When people reach the point where they are seeking help for mental health challenges, it’s exceptionally common for them to have specific issues or situations they feel are weighing on them.

Perhaps you’ve been struggling with the tasks at work or are experiencing financial insecurity. Maybe you’re facing relationship challenges or you have too many responsibilities and don’t know how to balance them.

These are all real, tangible stressors that play a major role in your mental health. Yet frequently, what goes unspoken or unacknowledged also plays a significant role. This invisible mental load is frequently the primary driver of mental health concerns, whether you recognize it or not.

But what are these invisible responsibilities, and how do they contribute to your overall health and well-being?

Defining Mental Load

Mental load is a term used to describe the amount of mental and emotional energy you spend on a daily basis. To understand how mental load affects your mental health, it can be useful to think of your emotional and mental capacity like a battery that recharges overnight.

In the morning, you’re fully charged and feel as though you have the capacity and energy to take on any challenges the day brings you.

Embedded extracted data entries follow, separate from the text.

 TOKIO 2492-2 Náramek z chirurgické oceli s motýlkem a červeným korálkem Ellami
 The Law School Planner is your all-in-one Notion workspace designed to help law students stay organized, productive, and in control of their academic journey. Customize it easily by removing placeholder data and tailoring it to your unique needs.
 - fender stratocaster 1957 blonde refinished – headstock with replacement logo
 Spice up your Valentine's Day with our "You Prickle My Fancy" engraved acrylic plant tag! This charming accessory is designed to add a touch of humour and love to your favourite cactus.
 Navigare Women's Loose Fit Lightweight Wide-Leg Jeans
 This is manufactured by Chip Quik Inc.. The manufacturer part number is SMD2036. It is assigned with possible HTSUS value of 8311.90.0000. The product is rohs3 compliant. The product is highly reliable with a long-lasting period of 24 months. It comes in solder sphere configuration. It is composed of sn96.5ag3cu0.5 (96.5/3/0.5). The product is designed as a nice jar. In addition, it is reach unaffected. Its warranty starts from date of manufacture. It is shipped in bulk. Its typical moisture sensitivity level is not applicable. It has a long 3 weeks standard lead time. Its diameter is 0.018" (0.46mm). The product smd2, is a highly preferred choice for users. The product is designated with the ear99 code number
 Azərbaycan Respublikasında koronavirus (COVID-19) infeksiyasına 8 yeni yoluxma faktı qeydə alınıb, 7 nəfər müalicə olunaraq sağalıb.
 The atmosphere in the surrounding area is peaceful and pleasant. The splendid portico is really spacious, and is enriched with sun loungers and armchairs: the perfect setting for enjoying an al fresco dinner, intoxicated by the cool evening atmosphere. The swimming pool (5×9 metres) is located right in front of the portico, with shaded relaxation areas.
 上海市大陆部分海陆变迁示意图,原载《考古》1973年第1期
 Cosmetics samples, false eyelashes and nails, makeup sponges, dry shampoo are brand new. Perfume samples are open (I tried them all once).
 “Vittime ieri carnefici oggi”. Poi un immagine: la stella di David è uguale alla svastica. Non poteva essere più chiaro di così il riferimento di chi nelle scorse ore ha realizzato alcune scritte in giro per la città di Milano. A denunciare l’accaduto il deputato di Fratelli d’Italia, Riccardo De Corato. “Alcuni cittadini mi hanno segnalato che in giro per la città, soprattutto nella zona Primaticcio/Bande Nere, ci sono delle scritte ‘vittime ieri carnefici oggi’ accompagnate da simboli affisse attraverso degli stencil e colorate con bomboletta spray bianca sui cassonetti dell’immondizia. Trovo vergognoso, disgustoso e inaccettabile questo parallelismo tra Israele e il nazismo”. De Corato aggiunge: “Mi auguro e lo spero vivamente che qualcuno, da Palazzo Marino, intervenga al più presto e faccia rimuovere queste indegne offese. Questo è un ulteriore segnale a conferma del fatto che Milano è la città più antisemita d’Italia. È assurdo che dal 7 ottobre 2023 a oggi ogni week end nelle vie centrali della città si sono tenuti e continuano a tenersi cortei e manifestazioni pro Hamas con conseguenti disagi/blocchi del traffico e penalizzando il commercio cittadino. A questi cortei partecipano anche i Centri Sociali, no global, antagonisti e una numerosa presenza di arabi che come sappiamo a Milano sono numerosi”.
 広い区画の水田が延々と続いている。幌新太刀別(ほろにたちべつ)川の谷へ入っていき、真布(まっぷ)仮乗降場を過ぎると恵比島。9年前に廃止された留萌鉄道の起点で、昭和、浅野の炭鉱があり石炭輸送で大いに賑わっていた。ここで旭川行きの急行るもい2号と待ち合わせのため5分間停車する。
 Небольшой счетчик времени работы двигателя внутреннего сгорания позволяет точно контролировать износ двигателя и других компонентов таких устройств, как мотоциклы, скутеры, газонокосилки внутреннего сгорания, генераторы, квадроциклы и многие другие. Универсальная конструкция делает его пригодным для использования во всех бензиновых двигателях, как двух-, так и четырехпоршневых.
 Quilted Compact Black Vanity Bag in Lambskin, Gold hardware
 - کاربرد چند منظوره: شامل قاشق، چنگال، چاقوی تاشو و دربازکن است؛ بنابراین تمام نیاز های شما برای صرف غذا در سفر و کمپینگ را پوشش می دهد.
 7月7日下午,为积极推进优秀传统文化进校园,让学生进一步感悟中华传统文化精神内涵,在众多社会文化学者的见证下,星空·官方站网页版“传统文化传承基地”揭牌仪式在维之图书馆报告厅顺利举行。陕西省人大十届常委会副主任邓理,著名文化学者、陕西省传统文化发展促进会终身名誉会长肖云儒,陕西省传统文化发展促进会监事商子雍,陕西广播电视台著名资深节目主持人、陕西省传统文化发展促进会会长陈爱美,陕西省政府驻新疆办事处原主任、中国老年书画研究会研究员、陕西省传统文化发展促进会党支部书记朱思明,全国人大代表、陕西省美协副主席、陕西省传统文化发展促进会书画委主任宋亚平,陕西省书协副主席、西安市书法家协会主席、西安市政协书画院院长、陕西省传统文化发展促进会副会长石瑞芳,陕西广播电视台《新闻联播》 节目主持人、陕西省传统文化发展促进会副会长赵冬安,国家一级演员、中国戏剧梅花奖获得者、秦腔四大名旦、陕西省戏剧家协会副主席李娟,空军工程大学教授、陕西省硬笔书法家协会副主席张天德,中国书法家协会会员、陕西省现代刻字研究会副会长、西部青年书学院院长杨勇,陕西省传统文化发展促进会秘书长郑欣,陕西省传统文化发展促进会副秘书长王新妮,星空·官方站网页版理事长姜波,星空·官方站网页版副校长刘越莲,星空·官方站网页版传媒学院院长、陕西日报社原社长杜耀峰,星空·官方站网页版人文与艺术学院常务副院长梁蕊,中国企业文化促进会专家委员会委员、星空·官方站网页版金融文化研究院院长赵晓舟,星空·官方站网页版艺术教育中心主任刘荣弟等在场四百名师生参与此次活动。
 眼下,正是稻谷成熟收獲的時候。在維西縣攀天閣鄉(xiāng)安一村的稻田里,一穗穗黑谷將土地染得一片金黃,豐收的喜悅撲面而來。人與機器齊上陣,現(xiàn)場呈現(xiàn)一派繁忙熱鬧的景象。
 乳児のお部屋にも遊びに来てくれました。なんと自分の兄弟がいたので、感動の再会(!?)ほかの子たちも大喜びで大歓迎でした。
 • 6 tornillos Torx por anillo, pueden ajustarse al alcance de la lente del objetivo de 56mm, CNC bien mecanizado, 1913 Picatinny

By afternoon, you can start to feel depleted as work, social interaction, or other responsibilities discharge your battery.

In the evening, you may feel drained, and while there may be tasks or responsibilities still left to be done, you simply don’t have the mental capacity to accomplish them.

A mental load is the accumulation of events, circumstances, or interactions that place a drain on this energy reserve.

Going to work may bring your mental battery down from 100% to 40%. Making dinner can drop you from 40% to 20%. Having a difficult conversation with your friend or spouse can drop you from 20% into the negatives, which is where true problems start to arise.

Of course, this is an oversimplification of mental load and your mental reserves. Countless factors and events contribute to mental load and weigh upon your mental health. The important part to recognize is that when a mental load exceeds its capacity, this is when people begin to experience troubling mental health symptoms and may start to show signs of a mental health disorder.

When Mental Load Becomes Too Much

When you deplete your batteries and run on empty, it’s common for people to start showing signs of anxiety, burnout, chronic stress, or depression. The events that weigh on you continue to happen, but you simply don’t have the energy to deal with them effectively.

Since most of the consequences of becoming mentally overloaded happen after your capacity is exceeded, people will naturally assume that the event that led to exceeding their capacity is the root cause of their trouble.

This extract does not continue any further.